I wonder if I should go along, Jack thought. But why not? He said, "O.K., Arnie."
Arnie said, "Doc Glaub is going to scare up a schizophrenic for me; I need one, I need its professional services." He laughed, eyes twinkling, finding his own utterance outstandingly funny.
"Do you?" Jack said. "I'm a schizophrenic."
Arnie stopped laughing. "No kidding. I never would have guessed; what I mean is, you look all right."
Finishing up the task of putting the encoder back together, Jack said, "I am all right. I'm cured."
Doreen said, "No one is ever cured of schizophrenia." Her tone was dispassionate; she was simply stating a fact.
"They can be," Jack said, "if it's what is called situational schizophrenia."
Arnie eyed him with great interest, even suspicion. "You're pulling my leg. You're just trying to worm your way into my confidence."
Jack shrugged, feeling himself flush. He turned his attention back, completely, to his work.
"No offense," Arnie said. "You really are, no kidding? Listen, Jack, let me ask you; do you have any sort of ability or power to read the future?"
After a long pause, Jack said, "No."
"You sure?" Arnie said, with suspicion.
"I'm sure." He wished now that he had turned down flat that invitation to accompany them. The intent questioning made him feel exposed; Arnie was nudging too close, encroaching on him--it was difficult to breathe, and Jack moved around to the far side of the desk, to put more distance between himself and the plumber.
"Whatzamatter?" Arnie asked acutely.
"Nothing." Jack continued working, not looking at either Arnie or the girl. Both of them were watching him, and his hands shook.
Presently Arnie said, "Jack, let me tell you how I got where I am. One talent got me up here. I can judge people and tell what they're like down inside, what they really are, not just what they do and say. I don't believe you; I bet you're lying to me about your precognition. Isn't that right?

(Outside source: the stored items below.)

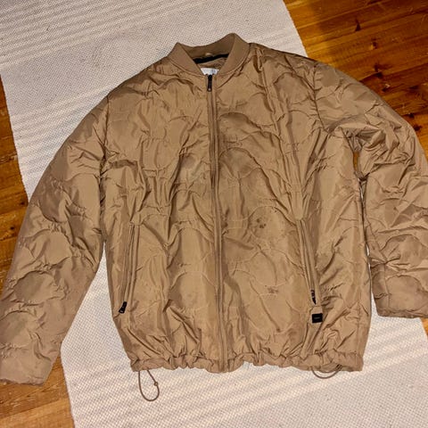 Valmistajan kokomerkintä: XLOlka - helma pituus n. 66 cmKainalo - kainalo mitta n. 60 cmPäällysmateriaali: 65% polyesteri, 35% puuvillaTäyte: 100% polyesteriVuori: 100% polyesteriKaulus: 100% puuvillaEtupuolella muutamia haaleita jälkiä
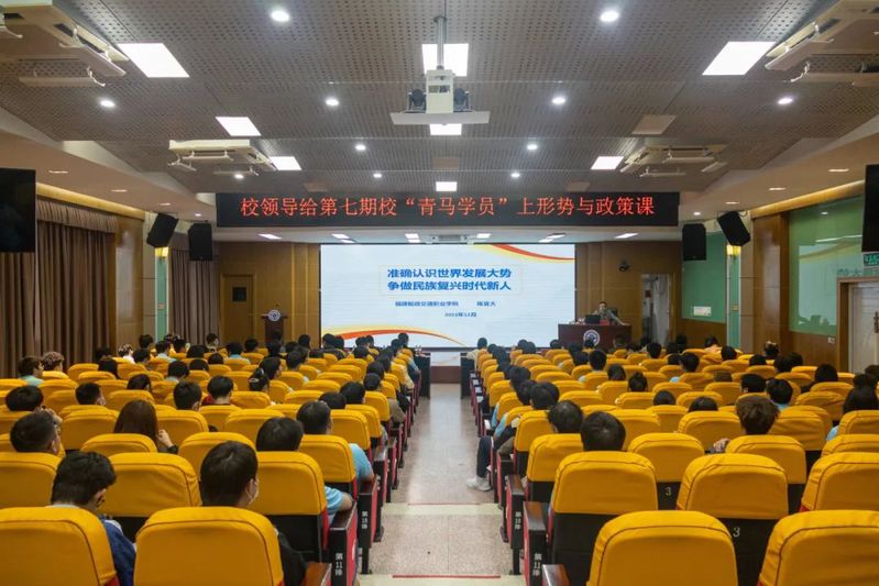 12月14日晚,我院黨委書記陳宜大在福道園行政樓學(xué)術(shù)報告廳為我院第七期“青馬學(xué)員”講授《準(zhǔn)確認(rèn)識世界發(fā)展大勢,爭做民族復(fù)興時代新人》的專題形勢與政策課。組織部、宣傳統(tǒng)戰(zhàn)部、學(xué)生工作部、團委、馬克思主義學(xué)院等我院團員和青年主題教育副組長單位負(fù)責(zé)人、各二級學(xué)院分團委負(fù)責(zé)人、馬克思主義學(xué)院教師、青馬班學(xué)員參加講座。講座由院團委書記陳慧主持。
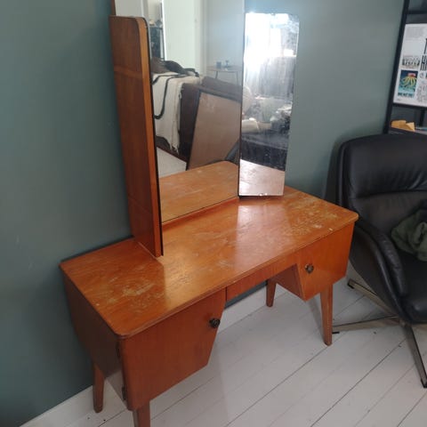 Tummansininen puinen peilipöytä jossa laatikko. Todella hyvässä kunnossa. Tarjoa! Kulkeutuu myös Helsinkiin tai muualle pk-seudulla.
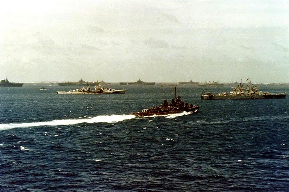 (Low-resolution original that the above photo was cropped from) - U.S. Navy destroyer minelayer USS Shannon (DM 25) steams past task forces gathering at Uithi Atoll for the Okinawa Operation, circa March 1945. Ships in the near background include USS Flint (CL 97), in left center, and USS Miami (CL 89), at right. Three Essex-class aircraft carriers are anchored in the middle distance. USS Enterprise (CV 6) is at the far left. Official U.S. Navy Photograph, now in the collections of the U.S. National Archives. Photo #: 80-G-K-3816 |
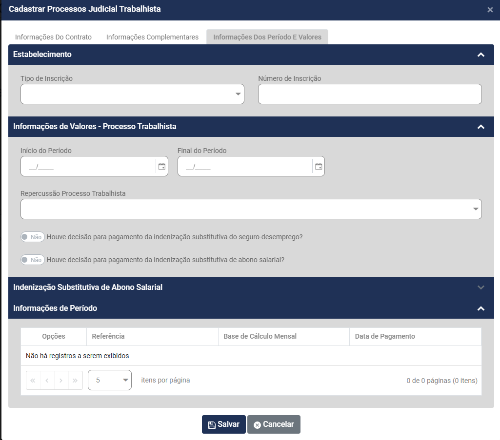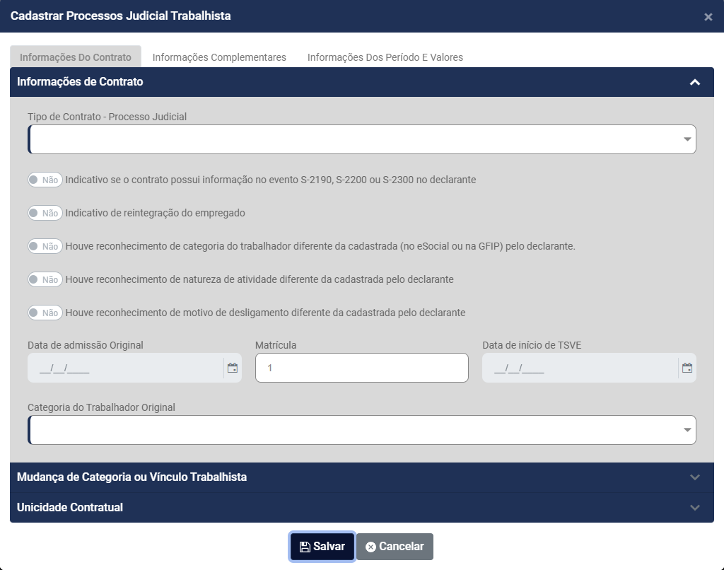 Informe o Tipo de Contrato - Processo Judicial e em seguida defina todas as informações apresentadas na tela
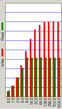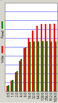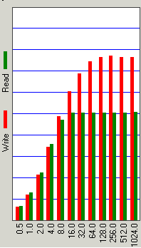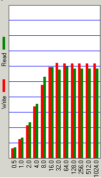 «Чехарда» со скоростью чтения и записи в зависимости от размера блока на тестовых файлах размером вплоть до 512 Кбайт (тут показана ситуация для файла 128 Кбайт, но для 256 и 512 ситуация примерно та же) для новичка немного улучшилась (особенно это заметно для записи), хотя, к сожалению, не исчезла совсем. Немного повысилась и скорость работы с самыми мелкими блоками (512 и 1024 байт), хотя до идеала все еще далеко. Начиная с тестовых файлов 1 Мбайт картинка по чтению и записи немного «выпрямляется», хотя тут же обнаруживается, что кэширование чтения практически пропало, причем скорость чтения падает ниже скорости физического носителя (не исключено, что это последствия неблагоприятной интерференции метода измерения, примененного в данном тесте, с «интеллектуальными» алгоритмами работы firmware накопителей Maxtor, хотя полученные на домегабайтных тестовых файлах картинки на удивление повторяемы и однотипны для разных дисков). Впрочем, по чтению ситуацию может замтено улучшить применение NCQ в SATA-моделях этой серии. Что же касается записи, что и на крупных тестовых файлах она явно улучшилась в плане кэширования буфером — крупные файлы эффективно кэшируются (практически до скорости интерфейса) вплоть до размеров 8 Мбайт (!), что было немыслимо для всех предыдущих поколений ATA-дисков этого и других производителей. Maxtor можно поздравить со взятием еще одного «бастиона». :)
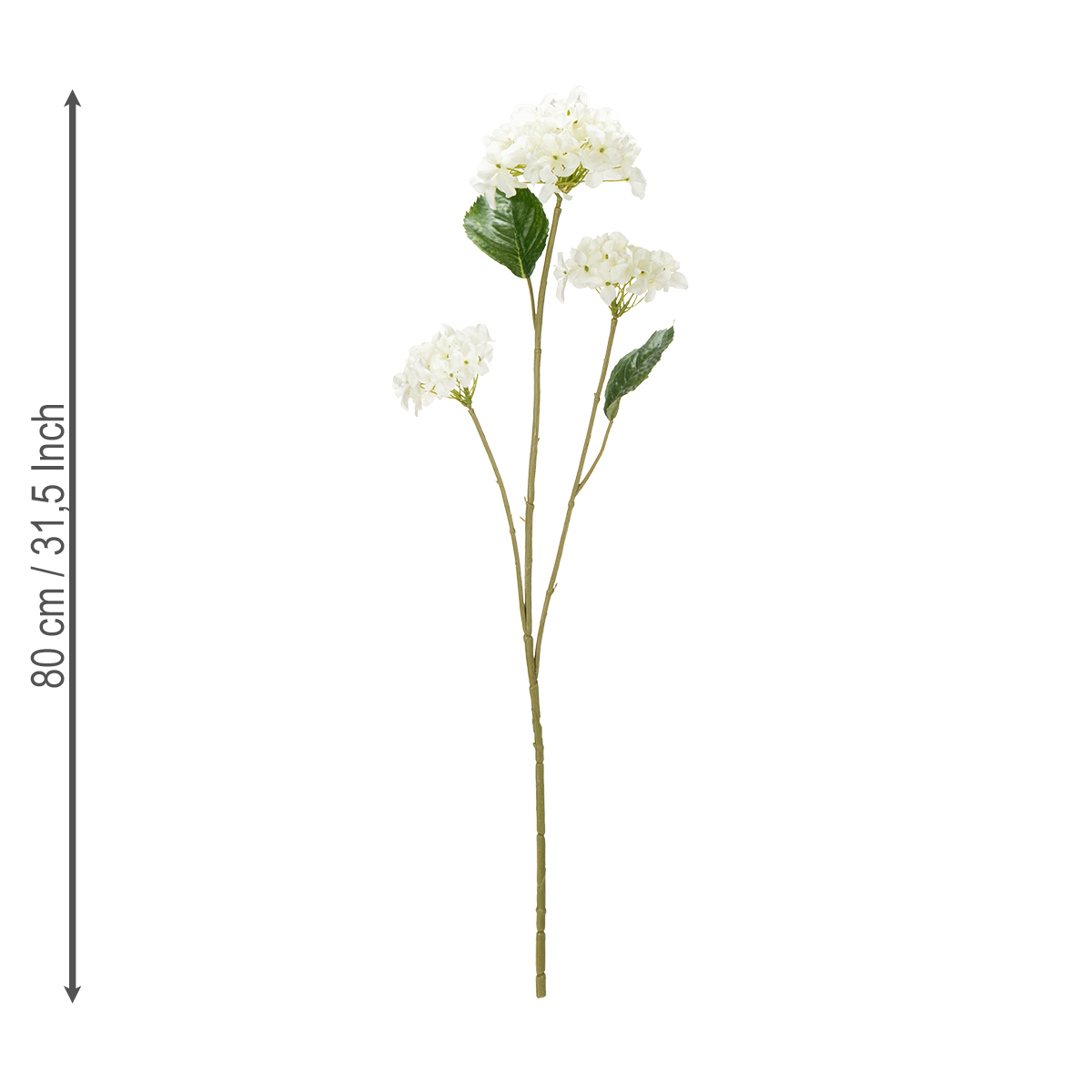 Har du nogensinde spekuleret på, hvordan du kan tilføje et elegant og tidløst præg til dit hjem med minimal indsats? Så er kunstige hortensiaer måske lige det, du leder efter! Denne hvide kunstige blomst imponerer med sit vildledende realistiske udseende og alsidighed. Uanset om den er et højdepunkt i moderne boliger, som en del af et stilfuldt bordarrangement eller som en imponerende accent i receptioner – denne holdbare, dekorative blomst passer perfekt ind i ethvert miljø. Tre frodige blomster og to grønne blade pryder en delikat stilk, hvilket giver arrangementet et særligt naturligt udseende. Med en højde på 80 cm og en bredde på 30 cm er den ideel til større vaser eller dekorative gulvarrangementer. Den højkvalitets polyester- og plastikkonstruktion sikrer, at du vil nyde denne elegante kunstige blomst i lang tid.

You don't even have to answer." Turning to the girl, Arnie said, "Let's get balling; I want that drink." He beckoned to Jack to follow.
Laying down his tools, Jack reluctantly did so.
7
On his journey by 'copter to Lewistown to meet Arnie Kott and have a drink with him, Dr. Milton Glaub asked himself if his good luck were true. I can't believe it, he thought, a turning point in my life like this.
He was not certain what Arnie wanted; the phone call had been so unexpected and Arnie had talked so fast that Dr. Glaub had wound up perplexed, knowing only that it had to do with parapsychological aspects of the mentally ill. Well, he could tell Arnie practically all there was to know on that topic. And yet Glaub sensed that there was something deeper in the inquiry.